The roles of miR-223 appear to be cancer type specific in carcinogenesis. Decrement of miR-223 is often observed in leukemia disease,12 while increased expression of miR-223 is mainly seen in solid cancer types including HNSCC.13,14 In the present study, we consistently found that miR-223 expression was enhanced in HNSCC cancerous tissues. In addition, a reduction of plasma miR-223 was observed in HNSCC patients who were free from recurrent tumor at 6 months after tumor dissection. However, the expression of plasma miR-223 remained upregulated in a patient with cancer recurrence. A recent report has shown that miR-223 functions as an oncogene and is highly expressed in advanced stage gastric cancer, promoting gastric cancer invasion and metastasis by targeting FBXW7/hCdc4.13 Moreover, Laios et al.15 revealed that miR-223 was up-regulated in recurrent ovarian cancers compared to the primary cancer and its target list was enriched for genes involved in FGF cell signaling, which is crucial for collective invasion of carcinoma cells. Taken together, the dysregulation of plasma miR-223 may serve as a cancer recurrence biomarker in HNSCC.
Decreased miR-99a is consistently detected in HNSCC and various other cancer types.16,17 Tumor suppressor miRNAs are often downregulated in cancer cells. Enhanced expression of miR-99a could lead to a reduction in cell proliferation, cell migration and increased apoptosis, while the down-regulated expression of miR-99a attenuates the inhibitory effect of cell migration and invasion in HNSCC cell lines.18 In our study, miR-99a was the most downregulated miRNA in terms of fold change among HNSCC cancerous tissues compared to their normal counterparts. Moreover, we demonstrated that circulating miR-99a was restored in plasma after tumor resection. A number of functional studies have suggested that miR-99a could suppress oncogenesis post-transcriptionally by targeting MTMR3, IGF1R, mTOR, and SMARCA5.17-20 Taken together, this dysregulation of circulating miR-99a could evaluate the therapeutic efficacy after tumor resection in HNSCC.
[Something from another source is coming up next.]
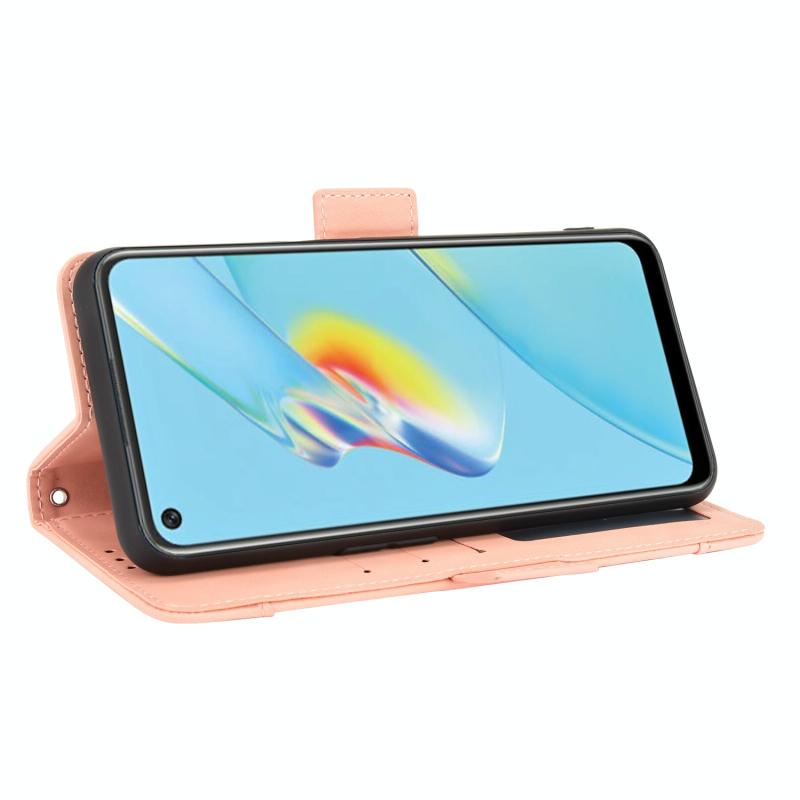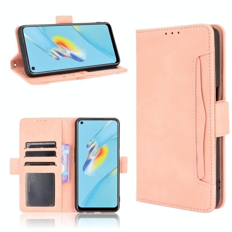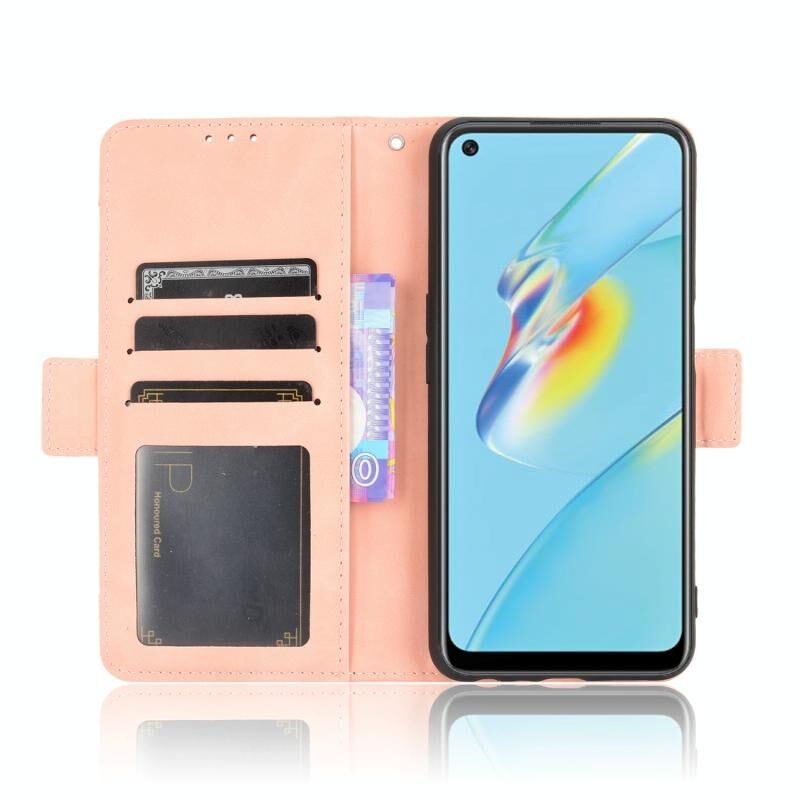 Θήκη δέρματος οριζόντιας αναδίπλωσης για OPPO A54 με υφή δέρματος μοσχαριού, με βάση στήριξης & υποδοχές καρτών & κορνίζα φωτογραφιών (Ροζ)

Li et al. developed starBase v2.0 (http://starbase.sysu.edu.cn/) to systematically identify the RNA-RNA and protein-RNA interaction networks from 108 CLIP-Seq (PAR-CLIP, HITS-CLIP, iCLIP, CLASH) data sets generated by 37 independent studies on many kinds of cancers.21 By using this database, we checked RNA and miRNA interaction network in HNSCC for above mentioned target genes and miRNAs. The database showed that miR-223 was significantly upregulated and FBXW7 was down-regulated in cancerous tissues of patients with HNSCC compared with normal control, while there was no significant correlation between miR-223 and FBXW7. Among the target genes (MTMR3, IGF1R, mTOR, and SMARCA518-20) of miR-99a, SMARCA5 was up-regulated but there was no significant correlation with miR-99a, and the expression levels of MTMR3 and mTOR were not significantly different between cancerous tissues and normal tissues in HNSCC patients. On the other hand, the database indicated that IGF1R mRNA was significantly increased in HNSCC cancerous tissues and given a negative correlation with miR-99a. Recently, Yen et al. have shown that IGF1R is a target of miR-99a in oral squamous cell carcinoma cells by using lentiviral infection of miR-99a.22 In addition, we confirmed a up-regulation of IGF1R protein expression level in HNSCC cancerous tissues compared to the non-tumor counterparts (Fig. S1, the relative expression levels of IGF1R/GAPDH (n = 12), T: 0.44 ± 0.24, N: 0.20 ± 0.11, P = 0.022 by Student's paired t-test). This indicated the possibility of IGF1R as a putative target for miR-99a in HNSCC.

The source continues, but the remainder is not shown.